In 2015, AMR went from $9 million dollars to $16 million in turnover. But with rapid growth comes rapid responsibility, and the company was still only in its tween-aged years.

“We were young and, excuse my language, [we were] idiots,” Issa says.

“We were just running around trying to make do with every order we got, trying to impress that customer.”

The growth meant AMR needed to upgrade from the 1500 square metre warehouse it was operating out of, so Issa began looking for a larger building in the area.

“Every single real estate institution I sat down with, well they’d love the story,” he says.

“But the minute you walk out, they’ll send you an email and say, ‘hey we need, you know, 12 months of bank guarantee’. That was about $1.8 million to $2.5 million.”

A lot of big companies don’t have to get a bank guarantee, due to their reputation or ASX listing.

But AMR was not — and is still not — listed, so Issa realised he wouldn’t be able to get a big warehouse on his own.
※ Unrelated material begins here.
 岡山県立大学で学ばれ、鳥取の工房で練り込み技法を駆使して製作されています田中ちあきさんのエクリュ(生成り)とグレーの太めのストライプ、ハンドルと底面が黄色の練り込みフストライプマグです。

And he knew he needed a big warehouse to keep up with the company’s growth.

“The only method I found was to partner up with a third-party logistics (3PL) company,” Issa explains.
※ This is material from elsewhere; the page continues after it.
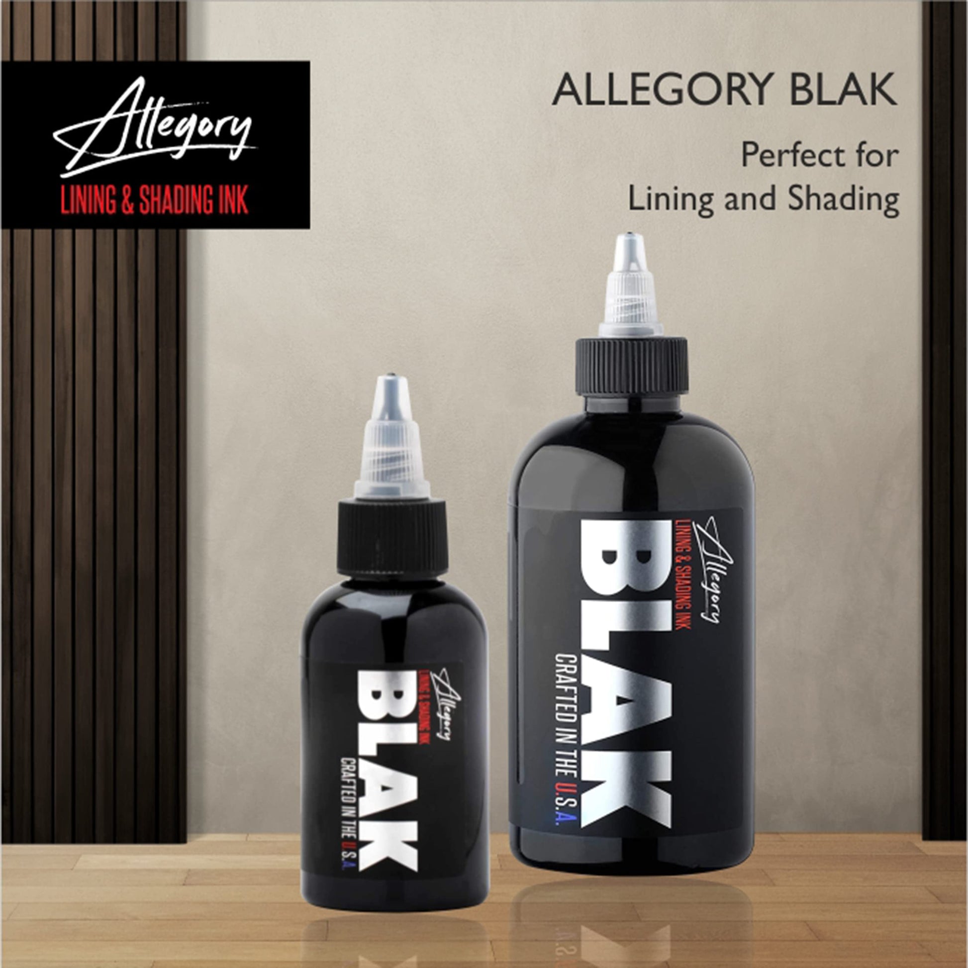 Details: Premium Tattoo Black Ink – Allegory BLAK is a smooth, consistent blend of liquid dispersed pigment. Many of the most popular tattoo artists around the globe uses Allegory BLAK Ink for precise lining and shading. Allegory BLAK is the stepping-stone to the future of tattooing.

CS Logistics came in, looked at what AMR was doing — and what Issa was paying — and told him “this is crazy. You’ve got 14 staff. We could do this many orders for you with only three or four staff”.

The impact

Financially, Issa says AMR lost $5 million dollars before he could get out of the contract, which happened after “a very dark 12 months”.

Issa emphasises that the $5 million figure is just in costs paid. It doesn’t include the business AMR potentially lost while customers were waiting for their orders, or the business it could have gained from new customers.

But it’s not just the revenue loss that affected the business. Currently, AMR doesn’t have any investors — and Issa is the sole owner.

When asked if he is considering getting investors on board, Issa says he’s not completely shying away from the idea, although he is “super, super cautious”.

That’s because while Issa’s mistake was playing out in real-time, AMR did have an investor interested.

The potential investor saw the problem with the 3PL company early, and told Issa in the beginning that they didn’t think it was a good idea. When the contract was signed and the deal commenced, the investor decided not to go through with the funding.

“I think it was best for both of us,” Issa admits.

The lesson

For Issa, there wasn’t really a ‘fix’ to this mistake; AMR was able to leave the contract after 12 months and things got better from there. But there are three key lessons that Issa learnt along the way.

First, he says he doesn’t believe he’ll “make another mistake as big as this one”.

Second, he’s realised stronger due diligence is necessary when it comes to contracts.

“I’ve now put things in place where, for a contract like that, even if it’s the most important person in the company, they can’t sign anything without proper mechanisms going forward,” Issa explains.

These mechanisms include proper service-level agreements and key performance indicators, and making sure they are all clearly stated in the contract.

“That means if a month goes by and that’s not done, we could raise that as a concern and adapt the contract,” Issa says. If he could turn back the clock, these mechanisms are something he “absolutely” would have done.

The final — perhaps most enlightening lesson — was understanding that AMR’s products need their own warehouse, because they’re “very, very complicated” in terms of customers, as hairdressers often want to order specific brands.

“If Sophie loves L’Oréal, she will only use L’Oréal,” Issa says as an example.

“But with 3PL companies, they base it on the highest sellers to the lowest sellers, and they base your warehouse across that. So then you would have to walk down every single aisle for one L’Oréal order.”

Issa says that in his business (or for any business the size of AMR, which has around 11,000 stock keeping units), “you have got to do your own warehousing”.

“In order to take care of your customers, and to love your customers just as much as they love you to give you your business, you’ve got to be able to take care of the order yourself.”